Example getting structured data from image

We can also ask the model for structured data from that image we used earlier.

prompt <- "What is the current economic forecast in 2010 for each variable?"
response_format <- type_object(
  fed_funds_rate = type_number(),
  unemployment_rate = type_number(),
  pce_inflation = type_number()
)
chat$chat_structured(prompt, image, type = response_format)
$fed_funds_rate
[1] 4.5

$unemployment_rate
[1] 5.4

$pce_inflation
[1] 1.9

Fed Minutes Example

Let’s try a slightly more complex task. Here, I downloaded the minutes from the January 2026 FOMC meeting, which is available as a PDF (and HTML) on the Federal Reserve’s website: Historical Documents.

From there, I use ellmer to read in the PDF, and simply include it in the model request.1

1 Note, not all LLM’s have the ability to read PDF binanries, so you may have to first convert the PDF to text or an image.

input_text <- "Summarize in one word the staff forecast for the economic outlook for US growth and inflation in this document."

## Download PDF, read in as image
#download.file("https://www.federalreserve.gov/monetarypolicy/files/fomcminutes20260128.pdf", "fomc_minute.pdf")
pdf <- content_pdf_file("./guides/figs/fomc_minute.pdf")
response_format <- type_object(
  meeting_date = type_string(),
  growth_forecast = type_string(),
  inflation_forecast = type_string()
)
chat$chat_structured(input_text, pdf, type = response_format)
$meeting_date
[1] "January 27–28, 2026"

$growth_forecast
[1] "Stronger"

$inflation_forecast
[1] "Higher"

Notice that in my prompt I did not explicitly ask for the date, but the model knows from the structure of the response format that it should include that information.
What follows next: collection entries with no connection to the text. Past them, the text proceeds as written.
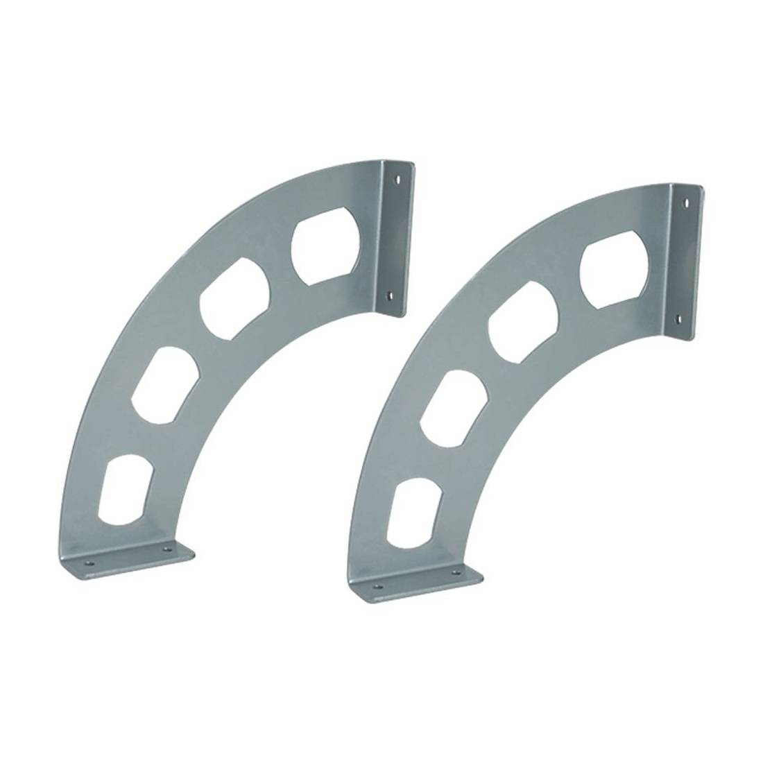 In acciaio verniciato a polveri epossidiche. Dimensioni: mm. 190x180. Spessore mm. 26, fori fissaggio Ø mm. 5. Portata max 30 kg.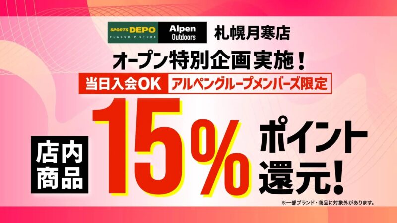 札幌月寒店のグランドオープンセールにあわせて、北海道内のスポーツデポ、アルペン、アルペンアウトドアーズ各店でも協賛セールを同時開催します。店内商品購入でアルペンポイント15%還元の企画は、協賛店舗でも実施されます。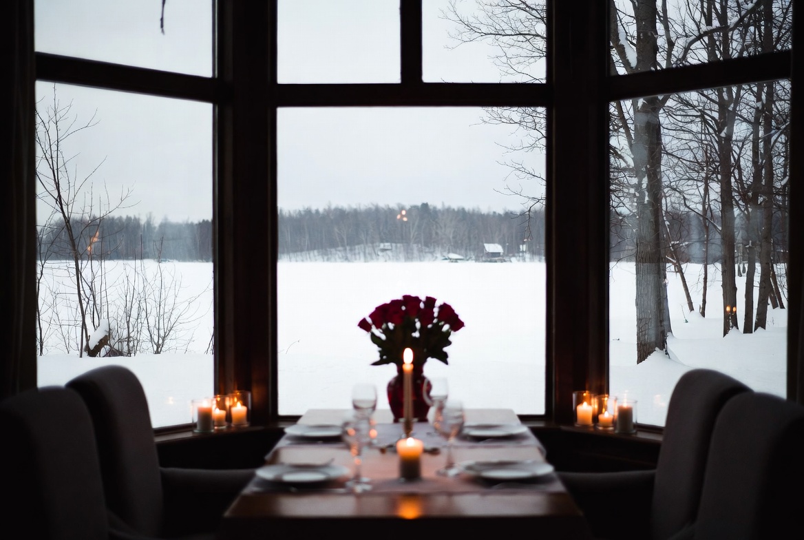 A warm dining setup featuring candles and flowers, with a snowy landscape visible through the large windows. Perfect for a winter gathering.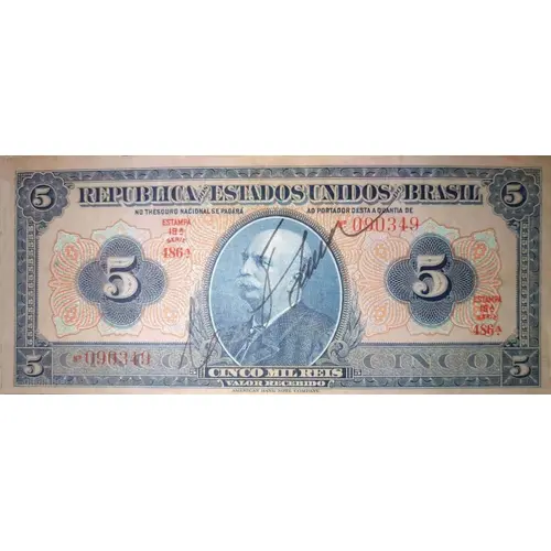 | Legenda awersu | 5 5 REPUBLICA DOS ESTADOS UNIDOS DO BRASIL NO THESOURO NACIONAL SE PAGARÁ AO PORTADOR DESTA A QUANTIA DE 5 5 CINCO 5 CINCO MIL REIS 5 CINCO VALOR RECEBIDO 5 5 AMERICAN BANK NOTE COMPANY. (Translation: Republic of the United States of Brazil In the National Treasury will be paid to the holder of this amount of Five Five Thousand Réis Five Amount Received American Bank Note Company.) |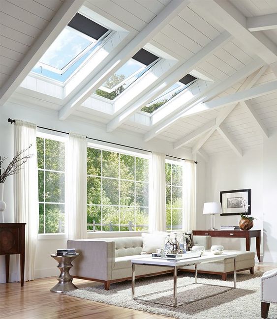 The beautiful blue sky will also appear clearly from the skylight window and make the room look much more attractive. Placing the sofa right under the skylight window is the most effective way to make the living room the coziest spot in the house.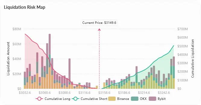 • Rủi ro giảm: Tại khu vực $3,100, tổng cộng có $643 triệu vị thế mua bị thanh lý.

For a meeting during the crisis

Here’s another example, this time using the FOMC minutes from January 2009, and using the HTML version of the document. I download the html file, pull out the text (ie. drop all the HTML tags), and then send that text to the model.
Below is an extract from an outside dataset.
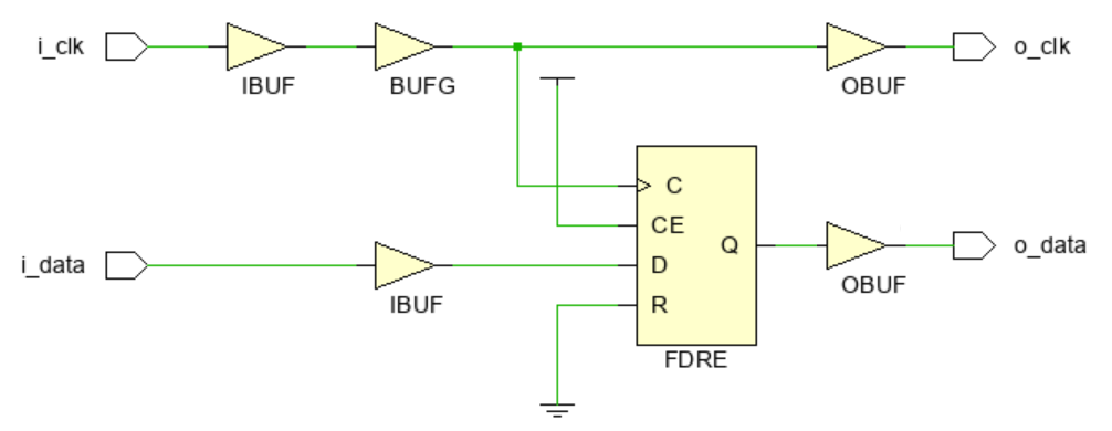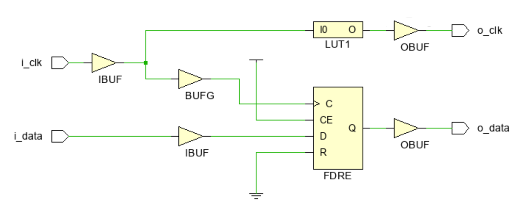 По коду и на схеме можно увидеть, что на вход D1 ODDR постоянно подается нулевой сигнал, а на вход D2 – единичный. Таким образом, по фронту сигнала i_clk значение выхода Q ODDR изменяется с единицы в ноль, и появляется спад. По каждому спаду i_clk прошлое нулевое значение на выходе Q изменяется на единичное, и формируется фронт. В результате на выходе Q ODDR получается инвертированная копия сигнала i_clk.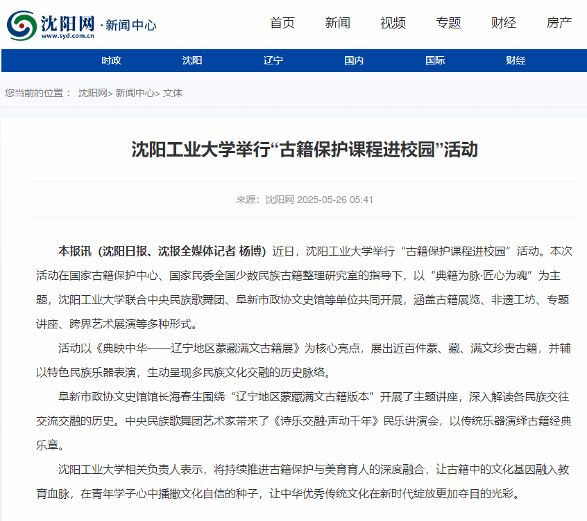 新聞來(lái)源:沈陽(yáng)網(wǎng) 2025年5月26日

url <- "https://www.federalreserve.gov/monetarypolicy/fomcminutes20090128.htm"
html <- rvest::read_html(url)
text <- rvest::html_text2(html)
chat$chat_structured(input_text, text, type = response_format)
$meeting_date
[1] "January 27-28, 2009"

$growth_forecast
[1] "Contracting"

$inflation_forecast
[1] "Low"

Compare the token usage

Remember, each of our requests to the model uses up tokens. Notice that there is a big difference between the number of tokens used in our PDF and our HTML examples.

chat$get_tokens()
# A tibble: 2 × 5
  input output cached_input cost       input_preview                            
  <dbl>  <dbl>        <dbl> <ellmr_dl> <chr>                                    
1  9382     46            0 NA         Text[Summarize in one word the staff for…
2 23129     46            0 NA         Text[Summarize in one word the staff for…

For projects where you are paying for token input and output, it is important to do as much preprocessing as possible (ie. dropping irrelevant text).